> [Source material]:
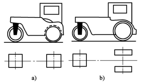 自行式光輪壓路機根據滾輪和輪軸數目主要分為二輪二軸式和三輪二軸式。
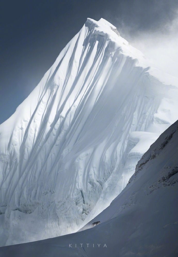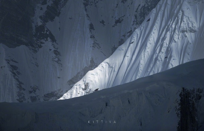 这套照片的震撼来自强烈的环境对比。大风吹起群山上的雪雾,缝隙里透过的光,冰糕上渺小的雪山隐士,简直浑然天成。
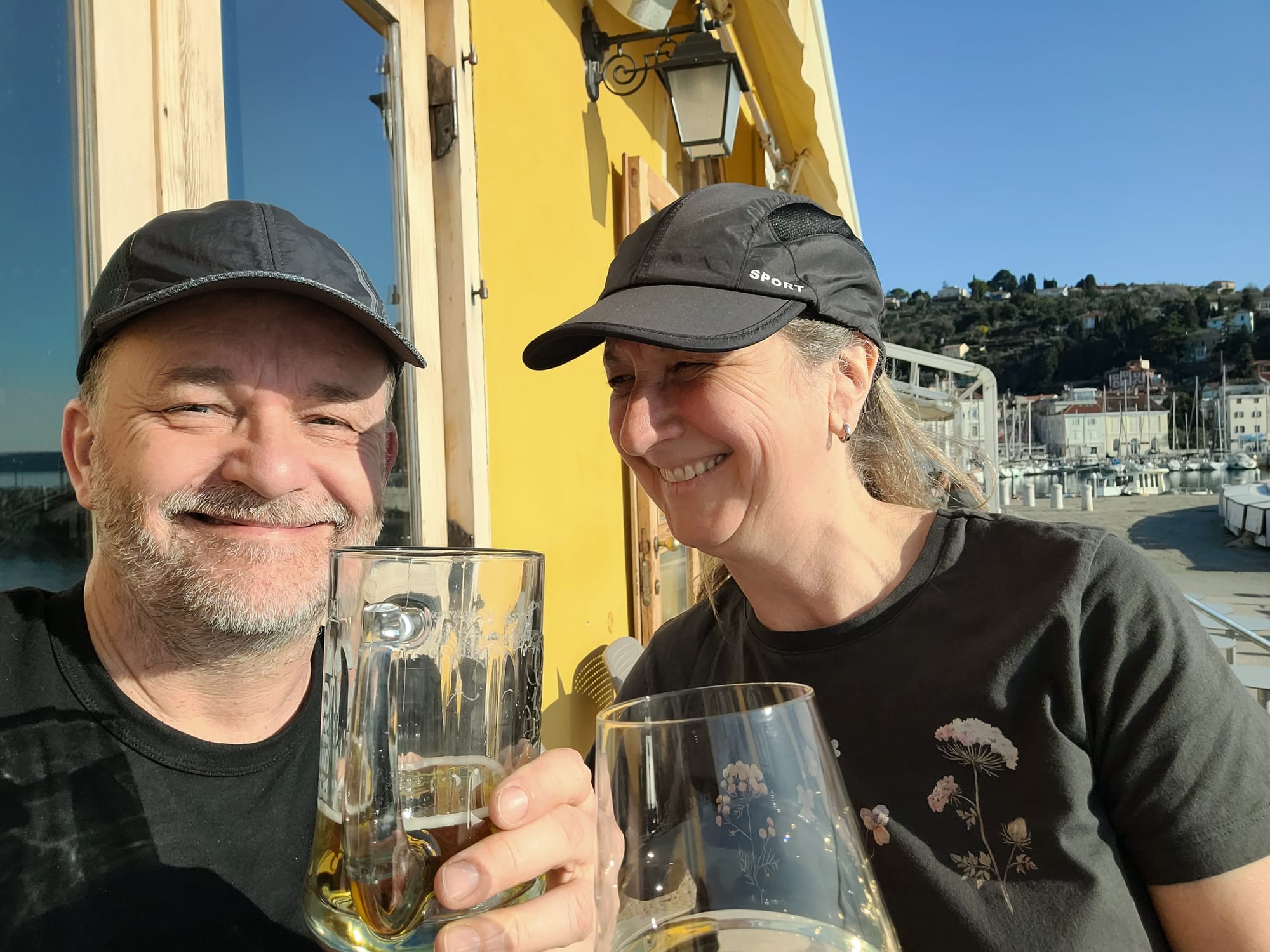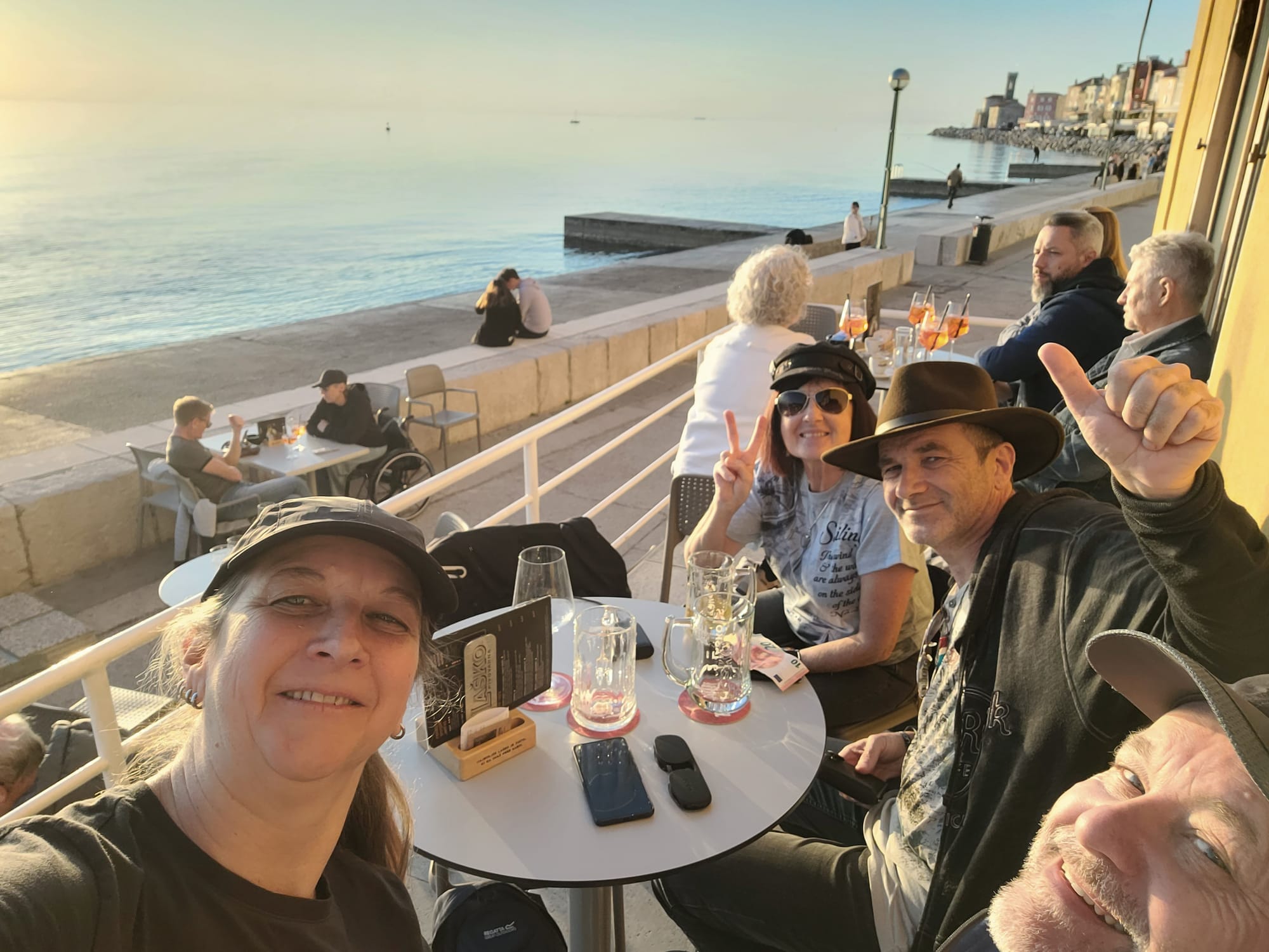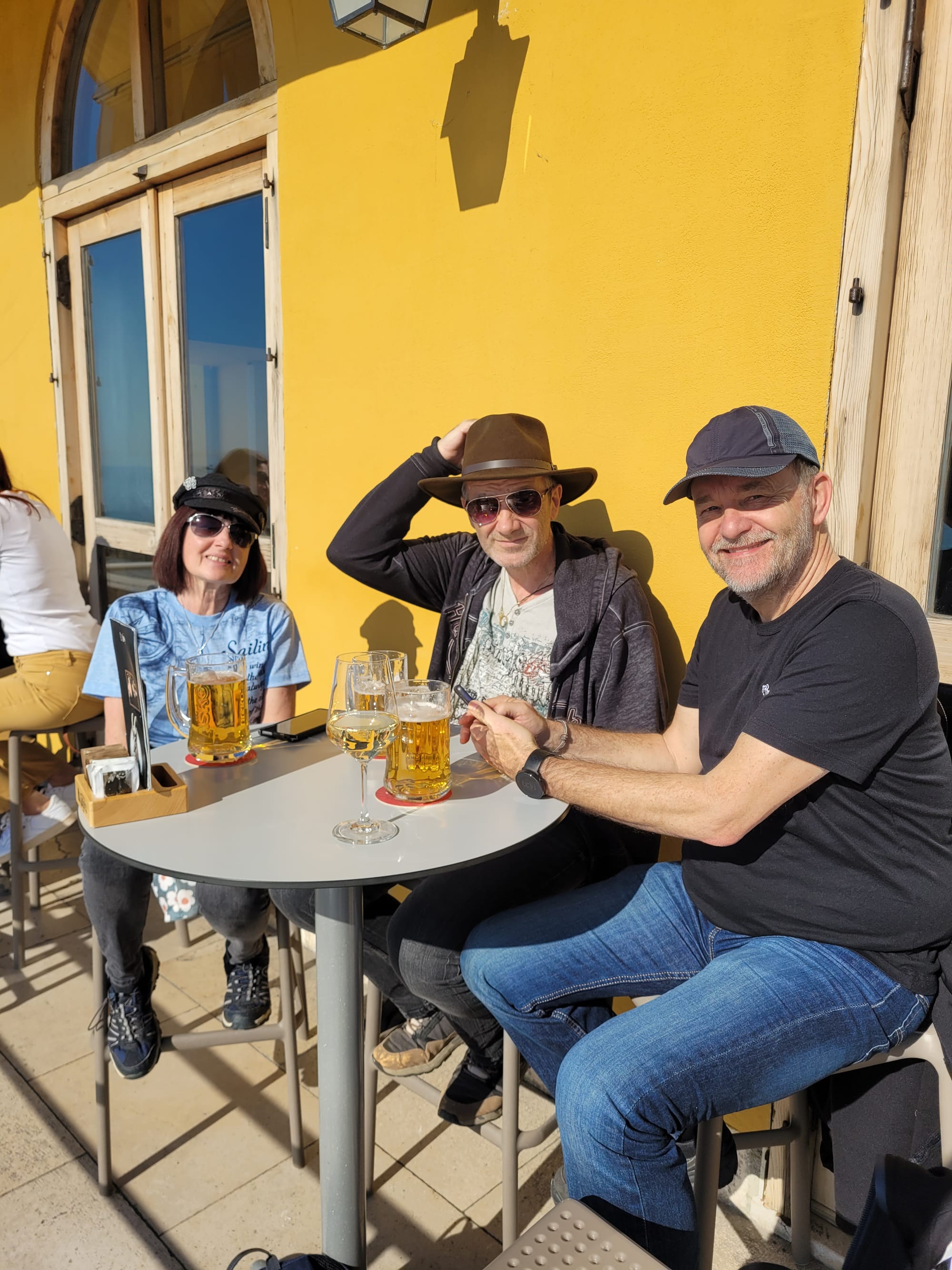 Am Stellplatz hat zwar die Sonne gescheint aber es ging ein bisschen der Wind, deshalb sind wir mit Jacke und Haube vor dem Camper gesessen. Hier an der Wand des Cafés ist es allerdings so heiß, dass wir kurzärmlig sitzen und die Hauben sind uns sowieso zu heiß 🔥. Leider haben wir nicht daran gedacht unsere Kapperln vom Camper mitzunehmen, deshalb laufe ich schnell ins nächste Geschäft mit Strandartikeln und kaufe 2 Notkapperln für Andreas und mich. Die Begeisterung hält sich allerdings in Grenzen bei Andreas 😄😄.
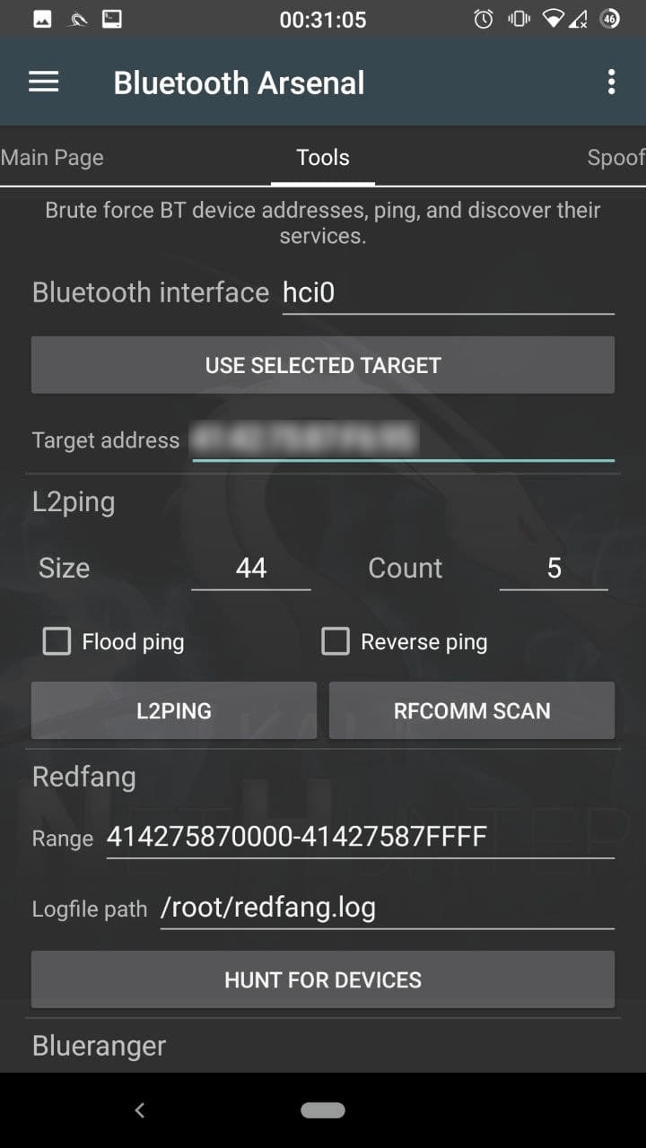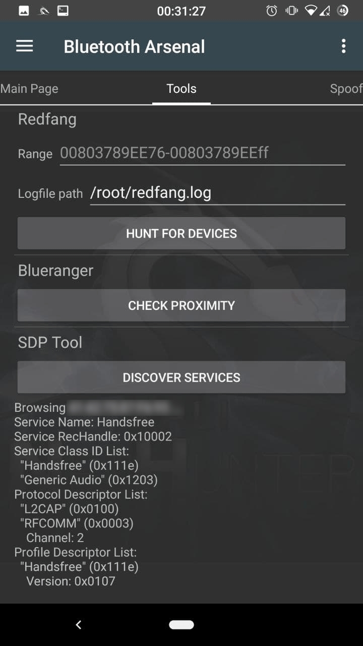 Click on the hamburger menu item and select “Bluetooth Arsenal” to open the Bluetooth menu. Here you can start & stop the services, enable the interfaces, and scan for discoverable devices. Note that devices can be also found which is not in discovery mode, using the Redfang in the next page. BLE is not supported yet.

> [Action item]:
Your job is to restate, word for word, only the lines from the one holding "这套照片的震撼来自强烈的环境" through the end of the material; pictures stay out.

> [Exercise solution]:
 这套照片的震撼来自强烈的环境对比。大风吹起群山上的雪雾,缝隙里透过的光,冰糕上渺小的雪山隐士,简直浑然天成。
 Am Stellplatz hat zwar die Sonne gescheint aber es ging ein bisschen der Wind, deshalb sind wir mit Jacke und Haube vor dem Camper gesessen. Hier an der Wand des Cafés ist es allerdings so heiß, dass wir kurzärmlig sitzen und die Hauben sind uns sowieso zu heiß 🔥. Leider haben wir nicht daran gedacht unsere Kapperln vom Camper mitzunehmen, deshalb laufe ich schnell ins nächste Geschäft mit Strandartikeln und kaufe 2 Notkapperln für Andreas und mich. Die Begeisterung hält sich allerdings in Grenzen bei Andreas 😄😄.
 Click on the hamburger menu item and select “Bluetooth Arsenal” to open the Bluetooth menu. Here you can start & stop the services, enable the interfaces, and scan for discoverable devices. Note that devices can be also found which is not in discovery mode, using the Redfang in the next page. BLE is not supported yet.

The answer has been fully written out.